[PROMPT]:
Copy nothing but the lines below running from the line containing "In the latest" through the line containing "- Versace signature", both end lines included.

[EXERCISE INPUTS]:
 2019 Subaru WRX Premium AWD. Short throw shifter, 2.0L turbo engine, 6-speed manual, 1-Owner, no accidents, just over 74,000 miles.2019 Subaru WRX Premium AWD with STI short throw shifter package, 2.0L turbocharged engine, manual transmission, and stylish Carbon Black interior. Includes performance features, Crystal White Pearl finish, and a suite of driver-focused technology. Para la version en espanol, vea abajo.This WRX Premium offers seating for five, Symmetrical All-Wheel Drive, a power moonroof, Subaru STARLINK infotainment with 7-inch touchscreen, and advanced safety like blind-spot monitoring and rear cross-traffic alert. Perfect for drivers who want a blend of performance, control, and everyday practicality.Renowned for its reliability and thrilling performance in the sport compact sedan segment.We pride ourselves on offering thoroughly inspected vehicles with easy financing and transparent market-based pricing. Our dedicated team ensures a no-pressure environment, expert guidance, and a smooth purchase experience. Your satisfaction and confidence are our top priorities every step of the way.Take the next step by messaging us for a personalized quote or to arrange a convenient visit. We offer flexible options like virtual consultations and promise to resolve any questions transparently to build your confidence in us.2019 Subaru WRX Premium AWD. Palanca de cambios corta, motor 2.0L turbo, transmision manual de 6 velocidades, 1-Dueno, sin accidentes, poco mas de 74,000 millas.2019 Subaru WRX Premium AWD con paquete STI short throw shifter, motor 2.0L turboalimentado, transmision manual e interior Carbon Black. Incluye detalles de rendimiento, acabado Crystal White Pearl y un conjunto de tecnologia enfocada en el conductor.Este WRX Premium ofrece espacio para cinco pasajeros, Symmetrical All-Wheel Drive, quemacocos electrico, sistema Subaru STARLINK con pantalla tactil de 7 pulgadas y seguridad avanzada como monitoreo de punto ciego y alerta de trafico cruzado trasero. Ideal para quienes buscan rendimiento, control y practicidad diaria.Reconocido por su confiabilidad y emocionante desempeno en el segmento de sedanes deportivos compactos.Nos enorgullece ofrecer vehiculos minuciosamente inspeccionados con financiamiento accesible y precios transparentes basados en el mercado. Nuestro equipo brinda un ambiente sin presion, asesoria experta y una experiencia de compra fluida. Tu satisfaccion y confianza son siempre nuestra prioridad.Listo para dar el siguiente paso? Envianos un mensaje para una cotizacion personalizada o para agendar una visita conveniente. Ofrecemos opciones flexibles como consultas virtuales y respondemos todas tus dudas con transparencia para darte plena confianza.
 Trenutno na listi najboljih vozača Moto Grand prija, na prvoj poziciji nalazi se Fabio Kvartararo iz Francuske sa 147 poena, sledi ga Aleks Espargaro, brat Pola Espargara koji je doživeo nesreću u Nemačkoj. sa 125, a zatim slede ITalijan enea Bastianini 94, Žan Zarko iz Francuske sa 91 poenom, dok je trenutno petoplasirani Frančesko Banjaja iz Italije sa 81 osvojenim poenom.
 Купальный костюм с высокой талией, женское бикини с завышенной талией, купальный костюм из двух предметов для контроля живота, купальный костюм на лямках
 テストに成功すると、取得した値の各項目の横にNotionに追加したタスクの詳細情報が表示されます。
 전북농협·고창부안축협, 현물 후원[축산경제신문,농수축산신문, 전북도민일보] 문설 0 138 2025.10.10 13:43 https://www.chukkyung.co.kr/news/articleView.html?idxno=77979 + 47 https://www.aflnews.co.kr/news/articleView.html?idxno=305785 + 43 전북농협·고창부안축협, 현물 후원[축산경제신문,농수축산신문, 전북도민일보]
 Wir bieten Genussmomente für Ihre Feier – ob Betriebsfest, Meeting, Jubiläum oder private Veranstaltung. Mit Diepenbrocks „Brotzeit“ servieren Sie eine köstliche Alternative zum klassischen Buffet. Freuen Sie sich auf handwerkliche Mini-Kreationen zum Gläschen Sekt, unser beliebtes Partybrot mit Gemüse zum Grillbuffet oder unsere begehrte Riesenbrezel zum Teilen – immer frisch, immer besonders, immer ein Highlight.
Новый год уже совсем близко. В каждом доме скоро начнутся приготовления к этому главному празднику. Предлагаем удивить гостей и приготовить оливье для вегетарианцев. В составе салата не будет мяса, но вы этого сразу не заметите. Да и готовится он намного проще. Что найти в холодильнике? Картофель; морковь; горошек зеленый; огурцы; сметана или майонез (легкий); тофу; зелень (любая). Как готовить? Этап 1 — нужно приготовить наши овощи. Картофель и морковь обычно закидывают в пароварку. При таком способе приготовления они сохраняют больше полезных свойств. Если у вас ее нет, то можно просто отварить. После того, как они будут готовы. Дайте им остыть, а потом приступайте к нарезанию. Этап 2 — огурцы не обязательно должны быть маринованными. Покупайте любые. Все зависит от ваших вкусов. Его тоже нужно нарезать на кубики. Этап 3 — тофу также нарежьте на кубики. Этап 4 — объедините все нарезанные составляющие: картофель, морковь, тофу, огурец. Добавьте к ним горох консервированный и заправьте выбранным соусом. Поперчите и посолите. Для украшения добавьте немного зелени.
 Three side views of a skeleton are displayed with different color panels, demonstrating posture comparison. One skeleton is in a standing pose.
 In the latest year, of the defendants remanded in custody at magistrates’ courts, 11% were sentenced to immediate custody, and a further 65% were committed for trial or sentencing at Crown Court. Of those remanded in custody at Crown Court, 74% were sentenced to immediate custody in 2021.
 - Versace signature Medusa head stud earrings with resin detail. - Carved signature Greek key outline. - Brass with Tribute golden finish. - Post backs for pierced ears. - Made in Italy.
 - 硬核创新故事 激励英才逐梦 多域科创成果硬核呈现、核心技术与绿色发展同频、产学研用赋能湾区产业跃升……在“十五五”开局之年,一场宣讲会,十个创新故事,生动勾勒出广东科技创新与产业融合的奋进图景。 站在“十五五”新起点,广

...

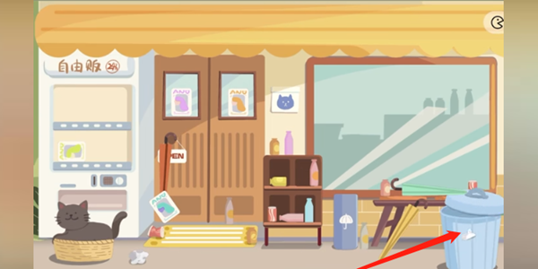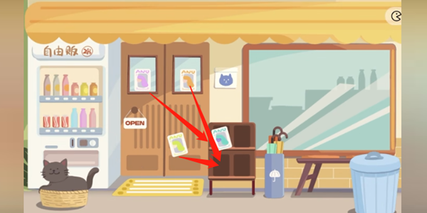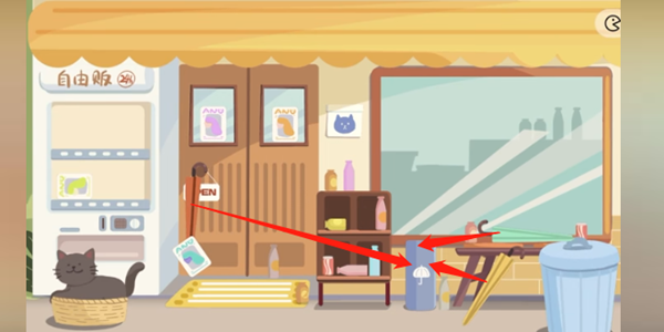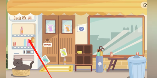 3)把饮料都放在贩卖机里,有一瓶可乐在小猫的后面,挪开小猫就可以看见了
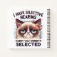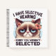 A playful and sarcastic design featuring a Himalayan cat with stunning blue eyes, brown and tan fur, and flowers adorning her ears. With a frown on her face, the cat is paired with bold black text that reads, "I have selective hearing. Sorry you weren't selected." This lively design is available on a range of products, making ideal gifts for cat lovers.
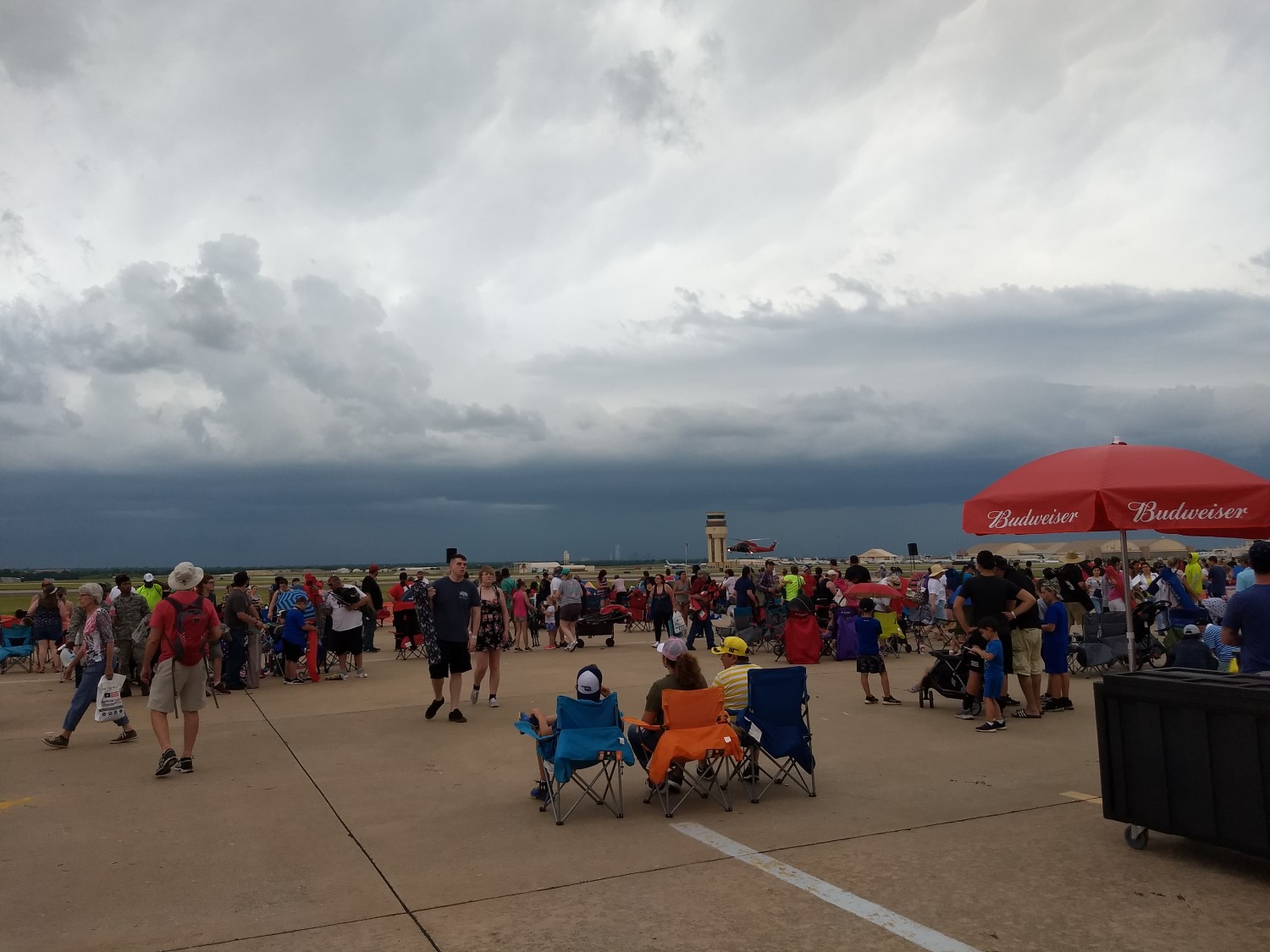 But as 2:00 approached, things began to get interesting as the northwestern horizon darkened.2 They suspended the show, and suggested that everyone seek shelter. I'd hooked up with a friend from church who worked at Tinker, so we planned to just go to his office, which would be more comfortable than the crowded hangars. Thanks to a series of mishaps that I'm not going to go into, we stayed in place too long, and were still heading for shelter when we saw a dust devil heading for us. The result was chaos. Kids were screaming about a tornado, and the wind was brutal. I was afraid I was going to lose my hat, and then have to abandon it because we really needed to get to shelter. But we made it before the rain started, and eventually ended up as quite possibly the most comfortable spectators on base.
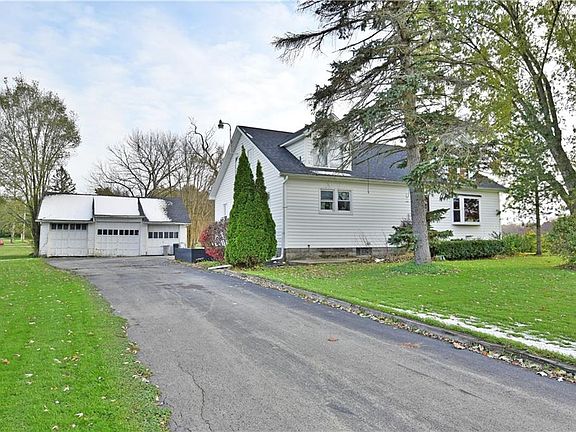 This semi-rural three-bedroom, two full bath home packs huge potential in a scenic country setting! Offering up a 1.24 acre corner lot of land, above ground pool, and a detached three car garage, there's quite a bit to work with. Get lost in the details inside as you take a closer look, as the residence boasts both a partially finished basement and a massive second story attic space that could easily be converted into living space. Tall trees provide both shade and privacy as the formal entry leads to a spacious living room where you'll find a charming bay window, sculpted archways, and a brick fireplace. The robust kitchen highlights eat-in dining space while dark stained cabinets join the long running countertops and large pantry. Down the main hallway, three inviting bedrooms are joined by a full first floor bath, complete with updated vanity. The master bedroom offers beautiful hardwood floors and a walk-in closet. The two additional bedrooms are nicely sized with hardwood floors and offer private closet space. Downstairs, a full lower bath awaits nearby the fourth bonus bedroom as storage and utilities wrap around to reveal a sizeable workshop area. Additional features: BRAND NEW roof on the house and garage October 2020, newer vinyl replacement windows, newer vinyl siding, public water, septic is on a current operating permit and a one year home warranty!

[REPLY TO THE EXERCISE]:
 In the latest year, of the defendants remanded in custody at magistrates’ courts, 11% were sentenced to immediate custody, and a further 65% were committed for trial or sentencing at Crown Court. Of those remanded in custody at Crown Court, 74% were sentenced to immediate custody in 2021.
 - Versace signature Medusa head stud earrings with resin detail. - Carved signature Greek key outline. - Brass with Tribute golden finish. - Post backs for pierced ears. - Made in Italy.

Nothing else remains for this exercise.